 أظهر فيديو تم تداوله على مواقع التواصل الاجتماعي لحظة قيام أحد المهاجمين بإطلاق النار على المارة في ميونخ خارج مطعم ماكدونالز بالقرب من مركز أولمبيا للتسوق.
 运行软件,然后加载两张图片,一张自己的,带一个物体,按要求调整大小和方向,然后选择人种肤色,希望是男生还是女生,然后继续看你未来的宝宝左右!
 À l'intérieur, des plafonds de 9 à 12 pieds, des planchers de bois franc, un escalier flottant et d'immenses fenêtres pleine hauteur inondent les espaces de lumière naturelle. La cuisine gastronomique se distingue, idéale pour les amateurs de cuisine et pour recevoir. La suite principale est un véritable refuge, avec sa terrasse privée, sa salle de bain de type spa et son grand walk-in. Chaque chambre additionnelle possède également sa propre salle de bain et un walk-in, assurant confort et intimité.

--

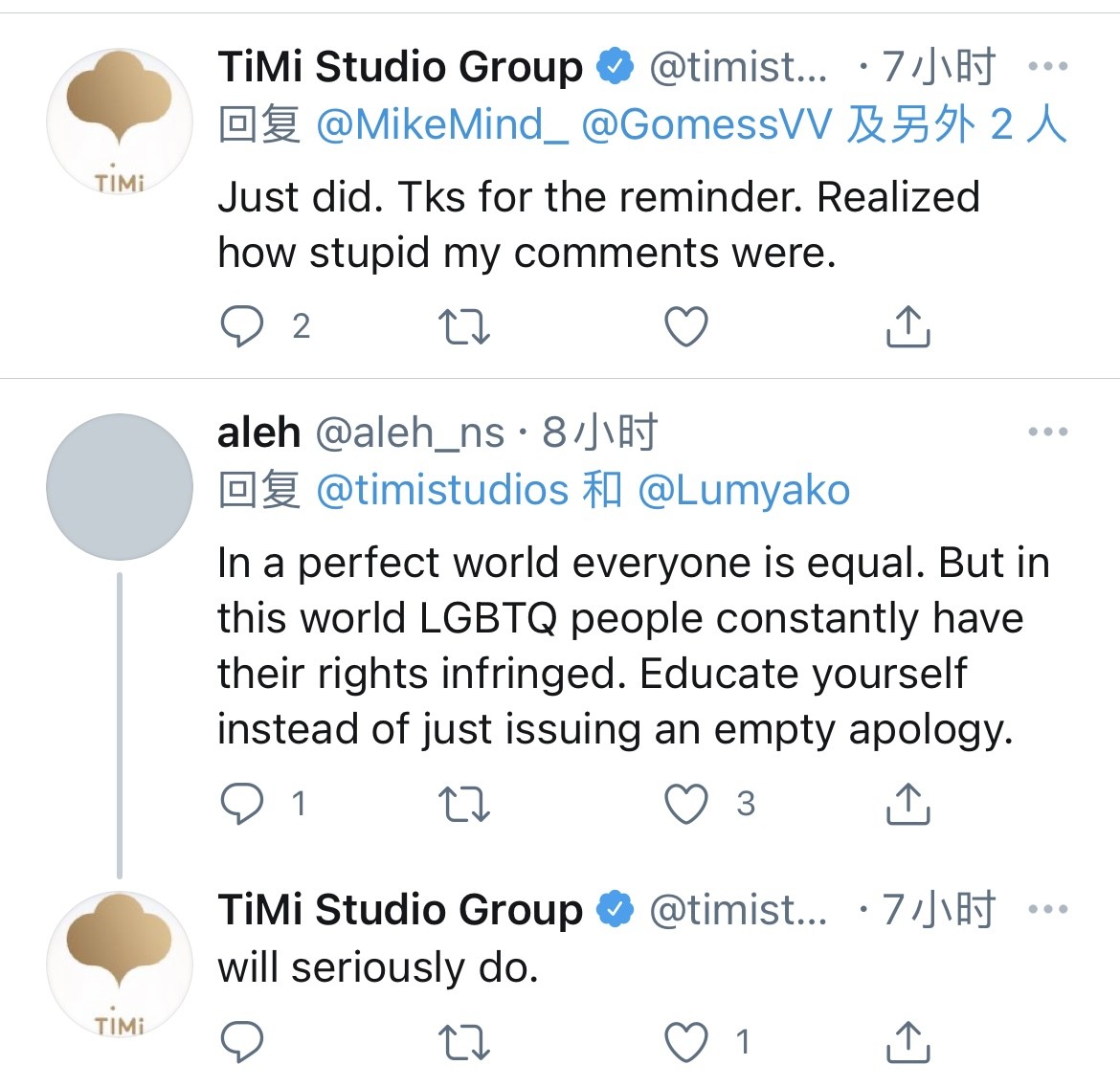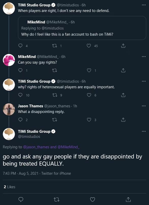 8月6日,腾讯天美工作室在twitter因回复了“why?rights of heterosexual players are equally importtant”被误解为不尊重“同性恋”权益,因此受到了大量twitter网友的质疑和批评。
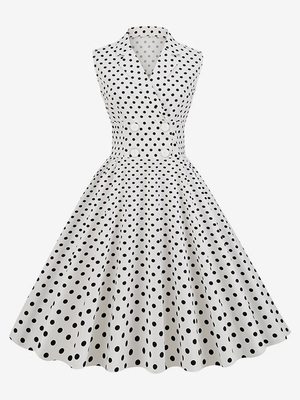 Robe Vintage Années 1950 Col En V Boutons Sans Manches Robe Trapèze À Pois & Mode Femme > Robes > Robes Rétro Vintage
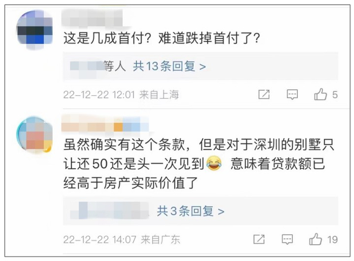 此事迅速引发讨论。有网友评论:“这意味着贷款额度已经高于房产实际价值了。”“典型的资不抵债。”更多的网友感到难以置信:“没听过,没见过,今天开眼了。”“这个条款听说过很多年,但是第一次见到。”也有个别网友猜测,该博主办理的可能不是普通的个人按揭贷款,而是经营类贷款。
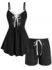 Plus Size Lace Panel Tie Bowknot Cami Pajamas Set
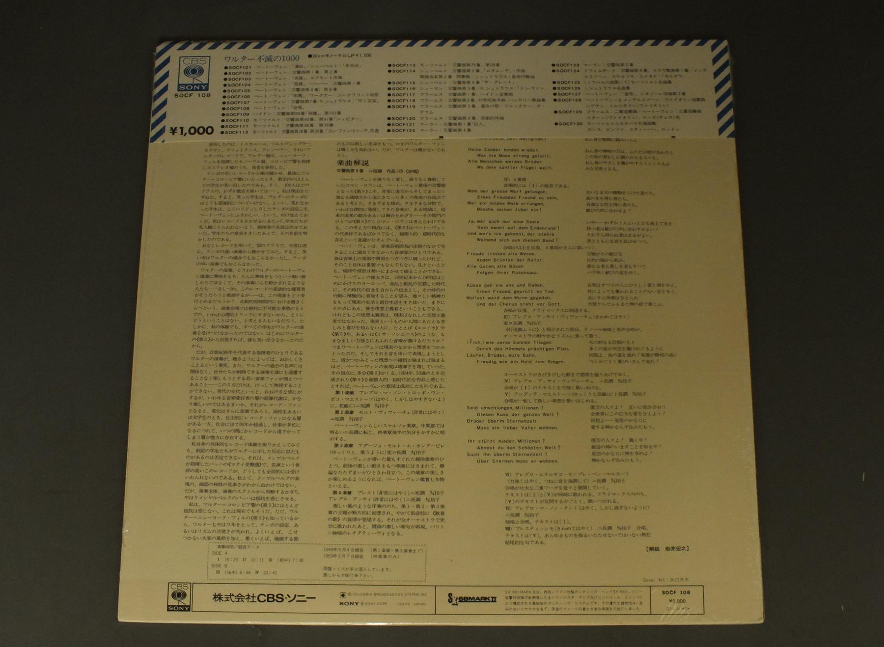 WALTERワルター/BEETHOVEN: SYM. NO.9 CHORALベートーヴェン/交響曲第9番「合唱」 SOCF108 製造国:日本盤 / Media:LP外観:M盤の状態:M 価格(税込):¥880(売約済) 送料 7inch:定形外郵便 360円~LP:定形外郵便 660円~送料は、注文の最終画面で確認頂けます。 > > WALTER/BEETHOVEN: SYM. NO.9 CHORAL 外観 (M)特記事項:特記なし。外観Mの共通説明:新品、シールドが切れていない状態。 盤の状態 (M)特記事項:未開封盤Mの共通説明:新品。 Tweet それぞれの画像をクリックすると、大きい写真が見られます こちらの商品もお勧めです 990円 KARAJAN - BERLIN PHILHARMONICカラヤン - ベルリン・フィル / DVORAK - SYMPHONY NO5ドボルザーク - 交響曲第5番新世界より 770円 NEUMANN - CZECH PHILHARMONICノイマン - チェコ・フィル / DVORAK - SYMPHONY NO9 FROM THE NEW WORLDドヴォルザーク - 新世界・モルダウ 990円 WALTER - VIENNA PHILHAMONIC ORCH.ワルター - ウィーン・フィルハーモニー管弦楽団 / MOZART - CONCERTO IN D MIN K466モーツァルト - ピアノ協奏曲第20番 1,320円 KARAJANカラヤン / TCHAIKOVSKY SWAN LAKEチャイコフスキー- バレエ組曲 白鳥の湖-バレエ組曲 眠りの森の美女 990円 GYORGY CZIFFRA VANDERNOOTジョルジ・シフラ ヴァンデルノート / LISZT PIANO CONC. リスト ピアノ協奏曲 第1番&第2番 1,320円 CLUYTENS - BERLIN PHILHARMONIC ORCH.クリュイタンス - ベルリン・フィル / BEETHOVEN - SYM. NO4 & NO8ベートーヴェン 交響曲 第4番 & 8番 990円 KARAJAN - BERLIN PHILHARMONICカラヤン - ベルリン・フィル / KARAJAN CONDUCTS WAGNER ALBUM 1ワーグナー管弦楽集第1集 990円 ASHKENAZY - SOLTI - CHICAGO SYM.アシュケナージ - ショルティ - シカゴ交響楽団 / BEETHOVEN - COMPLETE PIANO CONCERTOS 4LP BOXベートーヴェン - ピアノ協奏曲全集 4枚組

==

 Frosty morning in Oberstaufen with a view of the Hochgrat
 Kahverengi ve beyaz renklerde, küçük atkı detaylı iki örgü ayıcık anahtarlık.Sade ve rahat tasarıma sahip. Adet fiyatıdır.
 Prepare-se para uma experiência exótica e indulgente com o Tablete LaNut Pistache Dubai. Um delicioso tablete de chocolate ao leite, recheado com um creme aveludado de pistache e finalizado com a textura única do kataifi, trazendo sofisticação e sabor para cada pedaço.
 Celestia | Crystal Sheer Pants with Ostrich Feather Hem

EXERCISE REQUIREMENTS:
Take only the lines above from the one that has "Robe Vintage Années" through the one that has "WALTERワルター/BEETHOVEN: SYM. NO.9" and reproduce them exactly, omitting any pictures.

REPLY:
 Robe Vintage Années 1950 Col En V Boutons Sans Manches Robe Trapèze À Pois & Mode Femme > Robes > Robes Rétro Vintage
 此事迅速引发讨论。有网友评论:“这意味着贷款额度已经高于房产实际价值了。”“典型的资不抵债。”更多的网友感到难以置信:“没听过,没见过,今天开眼了。”“这个条款听说过很多年,但是第一次见到。”也有个别网友猜测,该博主办理的可能不是普通的个人按揭贷款,而是经营类贷款。
 Plus Size Lace Panel Tie Bowknot Cami Pajamas Set
 WALTERワルター/BEETHOVEN: SYM. NO.9 CHORALベートーヴェン/交響曲第9番「合唱」 SOCF108 製造国:日本盤 / Media:LP外観:M盤の状態:M 価格(税込):¥880(売約済) 送料 7inch:定形外郵便 360円~LP:定形外郵便 660円~送料は、注文の最終画面で確認頂けます。 > > WALTER/BEETHOVEN: SYM. NO.9 CHORAL 外観 (M)特記事項:特記なし。外観Mの共通説明:新品、シールドが切れていない状態。 盤の状態 (M)特記事項:未開封盤Mの共通説明:新品。 Tweet それぞれの画像をクリックすると、大きい写真が見られます こちらの商品もお勧めです 990円 KARAJAN - BERLIN PHILHARMONICカラヤン - ベルリン・フィル / DVORAK - SYMPHONY NO5ドボルザーク - 交響曲第5番新世界より 770円 NEUMANN - CZECH PHILHARMONICノイマン - チェコ・フィル / DVORAK - SYMPHONY NO9 FROM THE NEW WORLDドヴォルザーク - 新世界・モルダウ 990円 WALTER - VIENNA PHILHAMONIC ORCH.ワルター - ウィーン・フィルハーモニー管弦楽団 / MOZART - CONCERTO IN D MIN K466モーツァルト - ピアノ協奏曲第20番 1,320円 KARAJANカラヤン / TCHAIKOVSKY SWAN LAKEチャイコフスキー- バレエ組曲 白鳥の湖-バレエ組曲 眠りの森の美女 990円 GYORGY CZIFFRA VANDERNOOTジョルジ・シフラ ヴァンデルノート / LISZT PIANO CONC. リスト ピアノ協奏曲 第1番&第2番 1,320円 CLUYTENS - BERLIN PHILHARMONIC ORCH.クリュイタンス - ベルリン・フィル / BEETHOVEN - SYM. NO4 & NO8ベートーヴェン 交響曲 第4番 & 8番 990円 KARAJAN - BERLIN PHILHARMONICカラヤン - ベルリン・フィル / KARAJAN CONDUCTS WAGNER ALBUM 1ワーグナー管弦楽集第1集 990円 ASHKENAZY - SOLTI - CHICAGO SYM.アシュケナージ - ショルティ - シカゴ交響楽団 / BEETHOVEN - COMPLETE PIANO CONCERTOS 4LP BOXベートーヴェン - ピアノ協奏曲全集 4枚組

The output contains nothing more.